→ **INPUT DATA**
╔══

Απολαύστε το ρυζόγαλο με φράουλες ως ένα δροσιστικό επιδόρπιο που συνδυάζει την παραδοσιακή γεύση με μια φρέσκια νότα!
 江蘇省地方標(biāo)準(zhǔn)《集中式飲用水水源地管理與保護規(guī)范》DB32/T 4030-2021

╚══
╔══

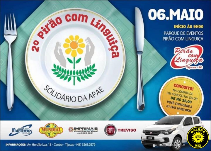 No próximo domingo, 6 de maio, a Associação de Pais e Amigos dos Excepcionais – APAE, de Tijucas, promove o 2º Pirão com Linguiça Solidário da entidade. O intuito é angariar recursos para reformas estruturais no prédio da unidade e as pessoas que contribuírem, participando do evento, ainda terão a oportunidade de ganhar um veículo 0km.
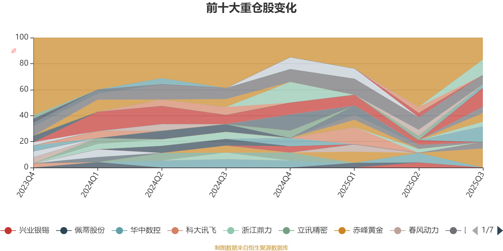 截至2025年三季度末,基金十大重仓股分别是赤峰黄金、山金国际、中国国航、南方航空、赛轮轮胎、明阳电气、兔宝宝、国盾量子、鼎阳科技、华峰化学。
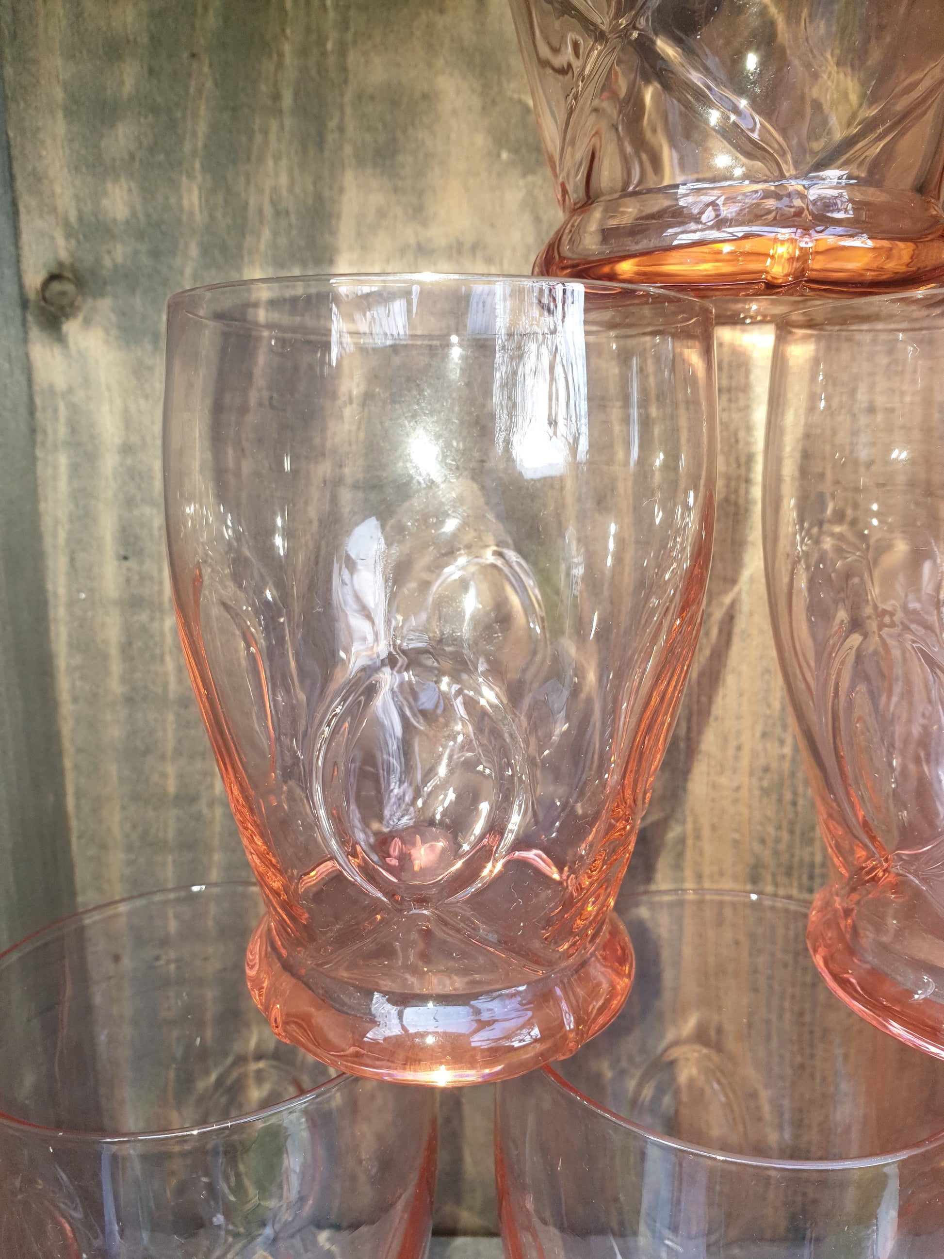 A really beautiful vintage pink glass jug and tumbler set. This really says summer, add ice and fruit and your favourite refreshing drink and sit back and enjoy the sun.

╚══
╔══

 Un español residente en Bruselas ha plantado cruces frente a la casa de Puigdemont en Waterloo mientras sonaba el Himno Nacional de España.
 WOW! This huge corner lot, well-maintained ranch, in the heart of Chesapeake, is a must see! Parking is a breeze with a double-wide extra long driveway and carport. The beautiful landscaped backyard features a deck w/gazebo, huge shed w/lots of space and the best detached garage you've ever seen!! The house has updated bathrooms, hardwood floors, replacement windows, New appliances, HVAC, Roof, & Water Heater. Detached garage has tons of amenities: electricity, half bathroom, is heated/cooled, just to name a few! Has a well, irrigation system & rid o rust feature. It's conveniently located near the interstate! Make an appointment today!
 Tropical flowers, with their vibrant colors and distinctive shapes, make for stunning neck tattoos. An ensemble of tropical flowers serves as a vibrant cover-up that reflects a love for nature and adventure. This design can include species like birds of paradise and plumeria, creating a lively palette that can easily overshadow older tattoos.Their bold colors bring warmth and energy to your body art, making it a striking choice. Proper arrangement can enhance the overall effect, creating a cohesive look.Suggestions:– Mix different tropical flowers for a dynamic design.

╚══

Look above for the line with "No próximo domingo, 6", then print it and each line after it down to and including the line with "截至2025年三季度末,基金". Leave out the pictures and keep the wording exact.

→ **EXPECTED ANSWER**
 No próximo domingo, 6 de maio, a Associação de Pais e Amigos dos Excepcionais – APAE, de Tijucas, promove o 2º Pirão com Linguiça Solidário da entidade. O intuito é angariar recursos para reformas estruturais no prédio da unidade e as pessoas que contribuírem, participando do evento, ainda terão a oportunidade de ganhar um veículo 0km.
 截至2025年三季度末,基金十大重仓股分别是赤峰黄金、山金国际、中国国航、南方航空、赛轮轮胎、明阳电气、兔宝宝、国盾量子、鼎阳科技、华峰化学。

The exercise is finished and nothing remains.